沈覆雪无视尉迟衔月,根本没有给他半分目光。
令扶楹又问:“冒昧问一句,令夫人为何要离开?”
“都怪我,她有孕在身却贪凉,我不让她多吃冰饮,她一气之下便走了。”
尉迟衔月一副煞有其事的模样,为此自责担忧,令扶楹真想一剑捅死他。
“域主,你别生气,你是男子怕是无法理解姑娘们的心思,夫人恐怕不是因为这等小事就要离开。”
“曲夫人你觉得呢?”令扶楹开始寻找同盟。
曲娘原本没有多想,但听她这么一说,也认同地点头。
毕竟怀着孩子呢,这域主长得如此俊美,听说性格也极好,如此彬彬有礼,令夫人按理说不会因为这些小事就离开,还走得干脆果断找不到踪迹。
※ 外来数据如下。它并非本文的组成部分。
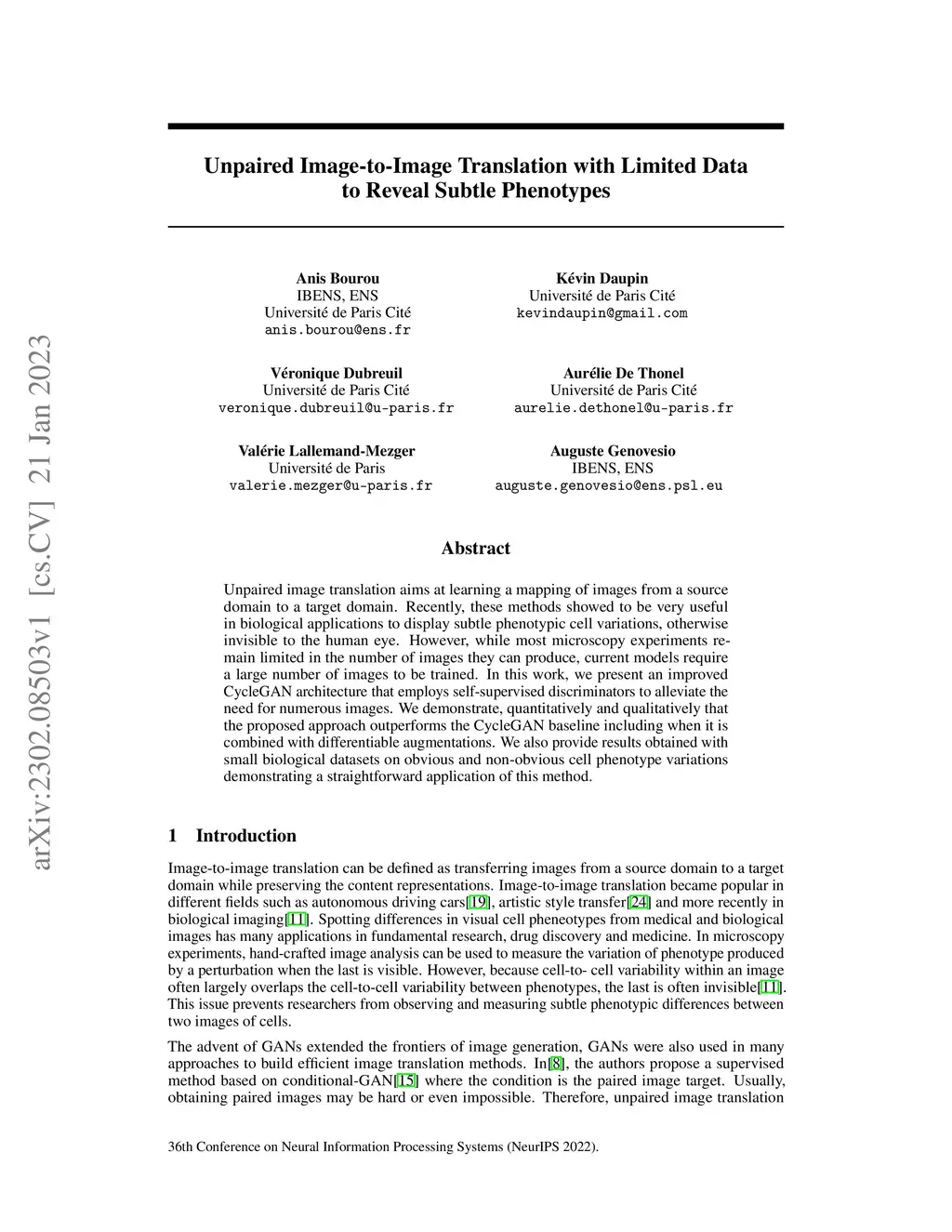Unpaired image-to-image translation methods aim at learning a mapping of images from a source domain to a target domain. Recently, these methods proved to be very useful in biological applications to display subtle phenotypic cell variations otherwise invisible to the human eye. However, current models require a large number of images to be trained, while mostmicroscopy experiments remain limited in the number of images they can produce. In this work, we present an improved CycleGAN architecture that employs self-supervised discriminators to alleviate the need for numerous images. We demonstrate quantitatively and qualitatively that the proposed approach outperforms the CycleGAN baseline, including when it is combined with differentiable augmentations. We also provide results obtained with small biological datasets on obvious and non-obvious cell phenotype variations, demonstrating a straightforward application of this method.

若是小打小闹怎会这么久也没有找到,怕是这域主没有察觉到其他方面的问题。
“域主,惊云姑娘说得应当没错。”
尉迟衔月虚心请教:“姑娘请说。”
“或许她是与域主你过不下去呢?”
令扶楹语出惊人,虽然她的话有些道理,但曲娘万万没想到她会如此直接。
尉迟衔月语气不变,“惊云姑娘何出此言?”
“域主莫怪我说话直接,夫人怀着孕也要离开,甚至在你大肆寻找之下也没能发现她的半分踪迹,那就证明她不想让你找到她。”
“你们夫妻之间究竟发生了什么我并不清楚,毕竟现在都是域主你的片面之词,你自己不如好生想想?”
曲娘听得心惊胆颤,但她无条件认同令扶楹,觉得她说得对。
这男人就是认不清具体的问题,甚至说不定他故意撇清责任呢?表面看着温文尔雅的男人,背地里品性低劣的一大把。